Вельяминов, перед тем как заговорить, пригладил волосы на висках.
— Сочинение ваше, господин Грибоедов, поименовано «Горе уму». Так ведь?
— Точно так, — подтвердил сочинитель, подравнивая исписанные листы в аккуратную стопку. — Или же «Горе от ума», что, может быть, даже вернее.
— Со слуха принимать сочинение трудно. Потому не обессудьте, если окажется, что слова мои придутся вам против шерсти.
Грибоедов только развёл руки, показывая, что слушатель волен в своих пристрастиях.
— Ум я здесь обнаружил, но только один — ваш собственный. Герой же, простите, не умён, а только лишь умничает. Я московское общество знаю плохо, но доверяю вам, что оно именно таково. Однако при всём том они всё-таки люди. С чего же он так на них ополчился? Ведь не враги же они — свои. А он ни с того ни с сего, словно мальчишка на деревянной палочке прискакал. Всем перечит, всех учит.
— Да и что я посчитал, брат, — забасил снова Ермолов. — К Софье-то он в самом начале приезжает в какую рань! Невоспитанный молодой человек. В чужой дом затемно не наведываются.
Грибоедов фыркнул:
— Да ведь дом ему не чужой, а самый родной. Он же там всё детство провёл и юность.
— А с чего же тогда, позвольте, Александр Сергеевич, вас спросить, он ему вдруг сделался так нехорош?

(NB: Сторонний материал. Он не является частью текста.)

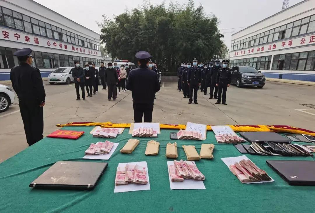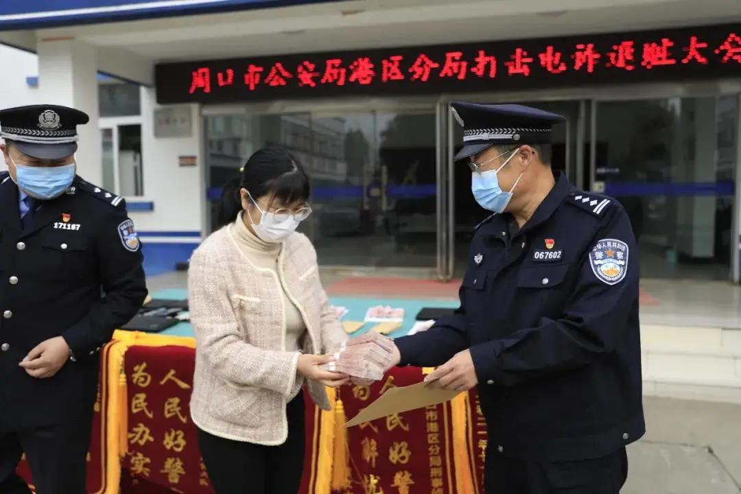 11月16日,周口市公安局港口物流产业聚集区分局召开电信诈骗案集中退赃大会,现场将追回的21万元赃款分别退还给4名受害人。

Новицкому вдруг показалось, что в голове Вельяминова таинственным образом крутится некий разумно устроенный механизм. Какие-то шестерёночки цепляют за рычажки, а те, в свою очередь, передают движение другим шестерёнкам; и все они вместе изготавливают слова, что соединяются потом в ровные фразы и так спокойно, равномерно выделяются через рот, иногда перебиваясь запятыми и точками.
— И полковник ваш, извините, меня расстроил. Неужели во всей русской армии вам другого типа встретить не доводилось? Вы же, насколько я знаю, в наполеоновскую кампанию в Иркутском гусарском служили?
Грибоедов молча кивнул. Новицкому показалось, что он боится разлепить губы; опасается, что не удержится и вспылит. Другие слушатели молчали, поскольку говорили старшие чином. Ермолов повернулся к Вельяминову:
— Ты, Алексей Александрович, за всю армию не обижайся. Навидались мы с тобой таких Скалозубов. Хотя фамилию эту, ты, господин сочинитель, вполне мог и своему герою приставить. Что же он ещё делает в этой жизни, как не скалит зубки свои щенячьи? Спорить не буду, верно ты его описал. Все мы, когда молоды, скалимся и насмешничаем. А потом с годами спохватываемся: да кому же мы противимся? Да не самой ли, брат, жизни?!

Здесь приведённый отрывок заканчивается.